Andy Murray is really good at identifying what makes so much of Kneale's work highly effective. One sentence, from Kneale himself on why the 1979 version of Quatermass didn't match the power of the earlier serials, is telling of his work as a whole:
"The central idea was too ordinary." (p. 210)
Also excellent is teasing out common themes, interests, strengths. I'd always found it odd that the author of Quatermass and Nineteen Eighty-Four wrote sitcom and for Sharpe and Kavanagh QC. Now I see how these things all connect: Murray's especially good on demonstrating how the Kavanagh episode, about an old and respected doctor who might by a former Nazi, is thematically in keeping with Quatermass and the Pit, in which ancient and long buried evil is suddenly brought into the light.

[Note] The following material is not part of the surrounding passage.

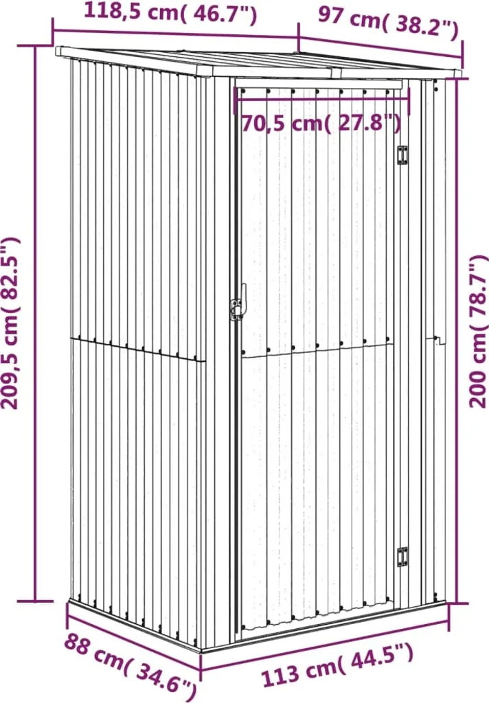 VidaXL Geräteschuppen Anthrazit 118,5x97x209,5 Cm Verzinkter Stahl
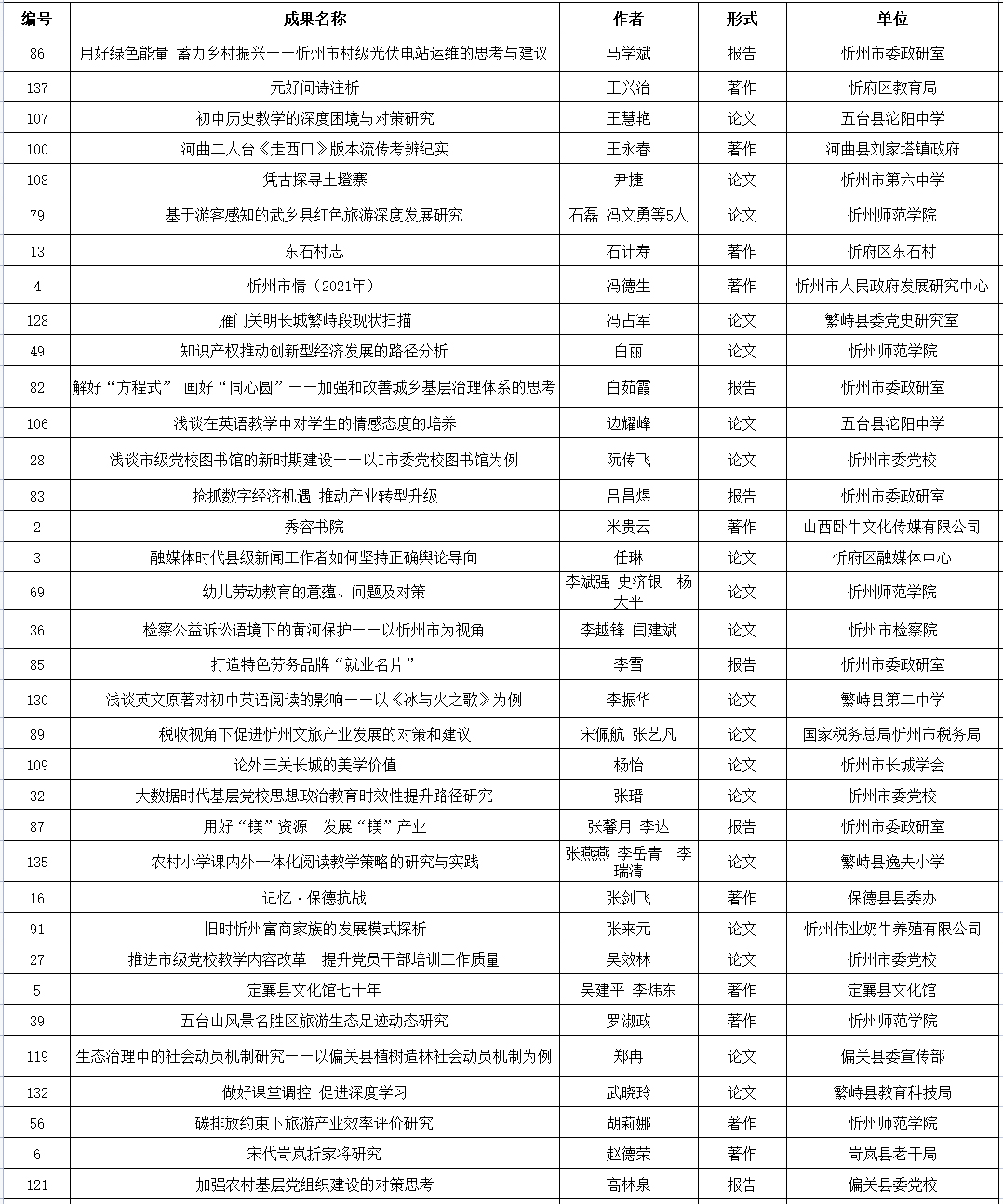 忻州市社會科學(xué)研究優(yōu)秀成果三等獎獲獎名單(共35項)(按姓氏筆畫排序)

There's a good sense of Kneale in all this - or rather of two Kneales. One is Nigel, the cantankerous, curmudgeonly writer, all too ready to say what he thinks about other people's failings and continually cross about money. The other is Tom: kindly, supportive and practical, a devoted husband and father - and model for the dad in the Mog books.* My sense is that many of the people Murray spoke to either met one or other of these men. There was something mercurial about Kneale; something fittingly impish.
Among the many fascinating details, I was struck that, though Kneale left his staff-writing job at the BBC to go freelance from 1 January 1957, he continued to make use of his office at the BBC - presumably in or around Lime Grove - which was convenient for meeting up with directors etc. His wife, Judith Kerr, continued to work in the BBC's script unit until the end of 1957 - her six-part adaptation of Buchan's The Huntingtower was broadcast in June and July (Murray says the Scottish dialogue polished by head of department Donald Wilson (p. 88)); another adaptation by Kerr, The Trial of Mary LaFarge, was broadcast on 15 December. Kerr left the BBC around this time as her daughter was born the following month.
That means she must have overlapped with David Whitaker, whose life I'm currently researching. He joined the unit around October 1957, his first work as a staff writer - for which he didn't get a credit on screen or in Radio Times - broadcast less that two weeks after Kerr's last. I'm rather taken by the potential of that overlap, given that Whitaker later asked Kneale to write for Doctor Who.
This has sparked some further thoughts - but more on that anon.
* How amazing to learn (p. 145) that the dad in The Tiger Who Came to Tea was in part modelled on Alfred Burke, at the time the star of detective series Public Eye, and a neighbour of Kneale and Kerr.